■ Required work
Every record below should be printed again exactly, with its pictures removed.

■ Items from a dataset

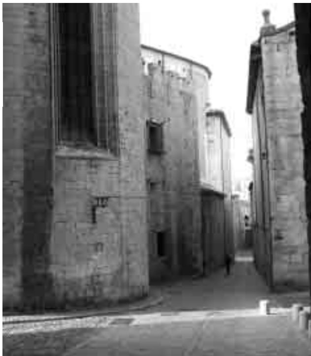
L'antiga necròpolis cristiana estava situada en una àrea propera a la porta nord de la ciutat romana, als peus de la via Augusta, a tocar l'actual Carrer del Llop.

caps de pont, guals, ports, i novament fortificades era essencial. No totes van entrar en aquest joc; algunes perquè no els calia i d'altres perquè no podien. Gerunda, recordem-ho, refermà i modernitzà les seves muralles d'acord amb allò que disposaven les normes més actualitzades de la poliorcètica. Era la ciutat qui pagava l'obra. En aquest cas, es va fer servir a bastament material d'aprofitament procedent de vells edificis, especialment funeraris, per construir els nous murs. Allò que se'n conserva, menys del que voldríem i menys del que hem suposat durant molts anys, denota l'acoblament i incorporació de la muralla fundacional, on era factible, i una cura especial en la defensa de les portes de la ciutat amb l'afegit de poderoses torres quadrangulars.
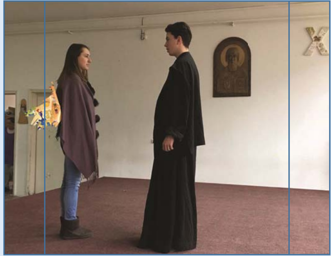
Делови из представе “Свети Сава и голубица”
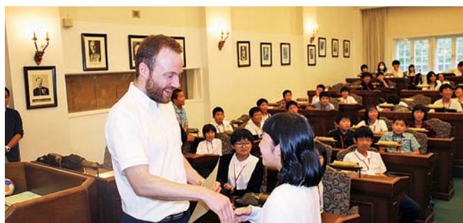
修了証をいただきました

小学生の英語力向上と各小学校の児童の交流を図るため、天栄村のブリティッシュ・ヒルズで国際交流体験事業が行われました。 入国審査模擬体験や英国文化を学ぶマナーハウスツアーに始まり、英会話レッスンでは、世界の国々の国旗やお祭りについて学んだりパズルやゲームをしながらリスニング力アップを図りました。 児童の皆さんは楽しみながら本場の英語に触れ、英国文化への理解を深めました。

■ Answer to this problem
L'antiga necròpolis cristiana estava situada en una àrea propera a la porta nord de la ciutat romana, als peus de la via Augusta, a tocar l'actual Carrer del Llop.

caps de pont, guals, ports, i novament fortificades era essencial. No totes van entrar en aquest joc; algunes perquè no els calia i d'altres perquè no podien. Gerunda, recordem-ho, refermà i modernitzà les seves muralles d'acord amb allò que disposaven les normes més actualitzades de la poliorcètica. Era la ciutat qui pagava l'obra. En aquest cas, es va fer servir a bastament material d'aprofitament procedent de vells edificis, especialment funeraris, per construir els nous murs. Allò que se'n conserva, menys del que voldríem i menys del que hem suposat durant molts anys, denota l'acoblament i incorporació de la muralla fundacional, on era factible, i una cura especial en la defensa de les portes de la ciutat amb l'afegit de poderoses torres quadrangulars.
Делови из представе “Свети Сава и голубица”
修了証をいただきました

小学生の英語力向上と各小学校の児童の交流を図るため、天栄村のブリティッシュ・ヒルズで国際交流体験事業が行われました。 入国審査模擬体験や英国文化を学ぶマナーハウスツアーに始まり、英会話レッスンでは、世界の国々の国旗やお祭りについて学んだりパズルやゲームをしながらリスニング力アップを図りました。 児童の皆さんは楽しみながら本場の英語に触れ、英国文化への理解を深めました。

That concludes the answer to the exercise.